For the data below, report only the number of lines containing the string "that".

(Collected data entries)
+ + + + + + +

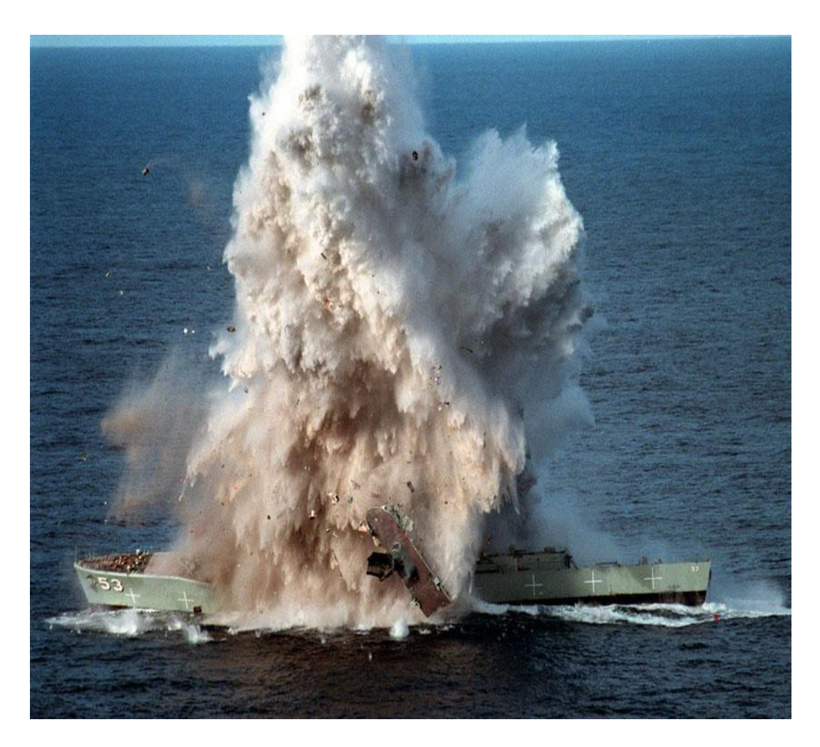
Figure 6 shows that the level of damage is now catastrophic.

Figure 6. Bow and Stern Sections Separate (Navy Undersea Warfare Center, 1999)
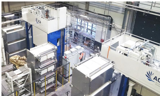
fully automated turnkey work cell installation

Aries Alliance has developed a range of solutions with different levels of automation to preheat and cool the die outside the press then load it in the press at or near forming temperature. It now takes less than 10 minutes to change 5 to 10 tons dies heated to 750°C (1380°F) .
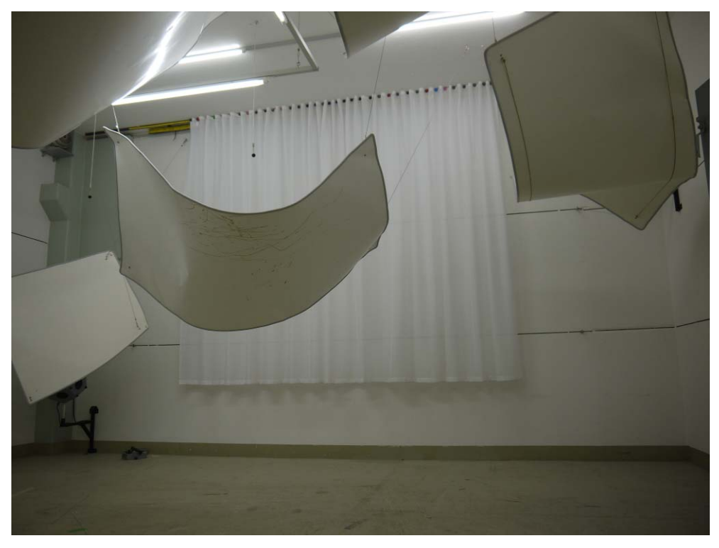
Figure B.1. Test object mounted in the reverberation room
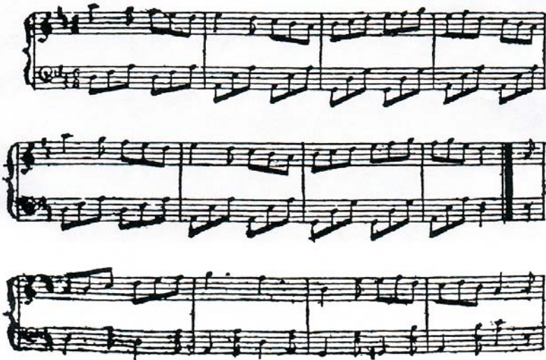
Example 1. Francis Forbes, The Banks of Newfoundland , mm. 1-12. 28

BOSTON Published by OLIVER DITSON 15 Washington St
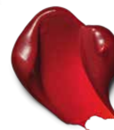
6-88 RUBY RED
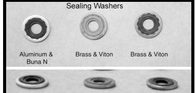
Figure 2: Examples of some sealing washers available for CGA 870 Style medical post valves.
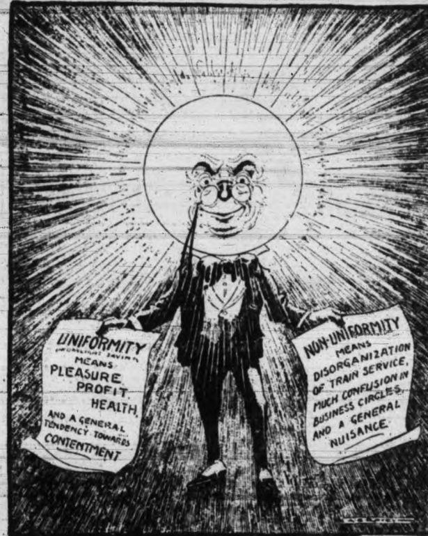
Old Sal:—Why Not Let Wadon Make You Choose?
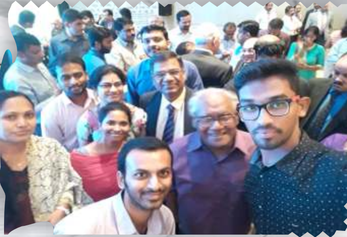
Students of Aurora's Business School with Bharat Ratna Dr. C.N.R Rao (8th September, 2017)
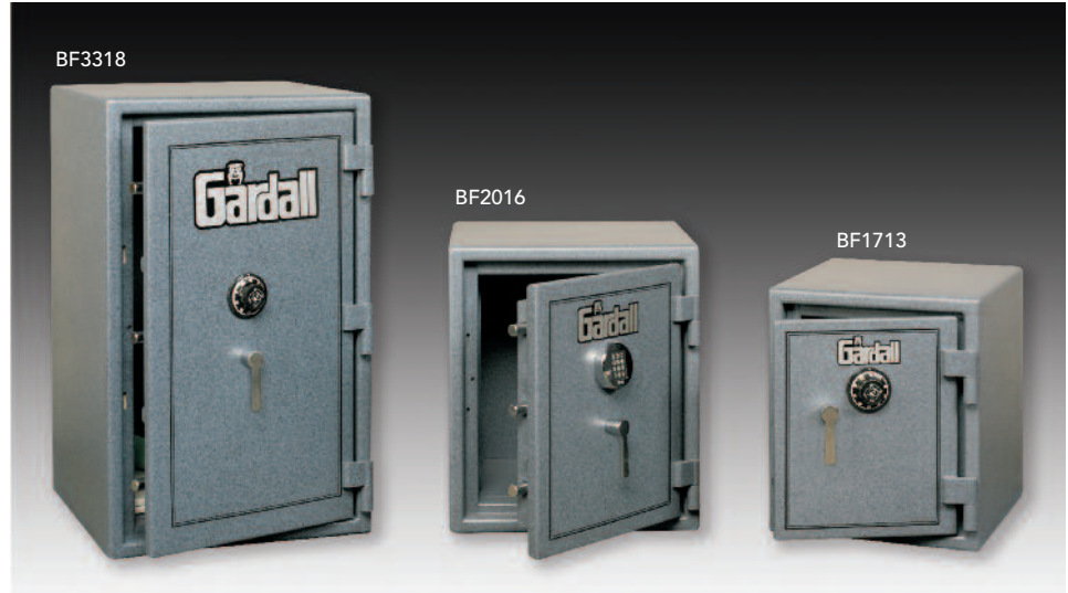
Gardall's BF models provide both burglary and fire protection for your home or office application. We have been manufacturing fire safes since 1950 and the BF safe is our premier model in quality and function.

All BF safes were tested by the manufacturer along side a U.L. listed one-hour fire safe in an independent fire testing facility. The BF safe actually outperformed the U.L. fire safe by 15 minutes. The exterior of the safe was heated to 1700°F for one hour and during that time the interior temperature of the safe was less than 270°F. A letter of certification is available upon request. All BF safes carry Gardall's Lifetime Replacement Guarantee.
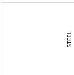
POWDER COATED STEEL

+ + + + + + +

[Exercise output]
2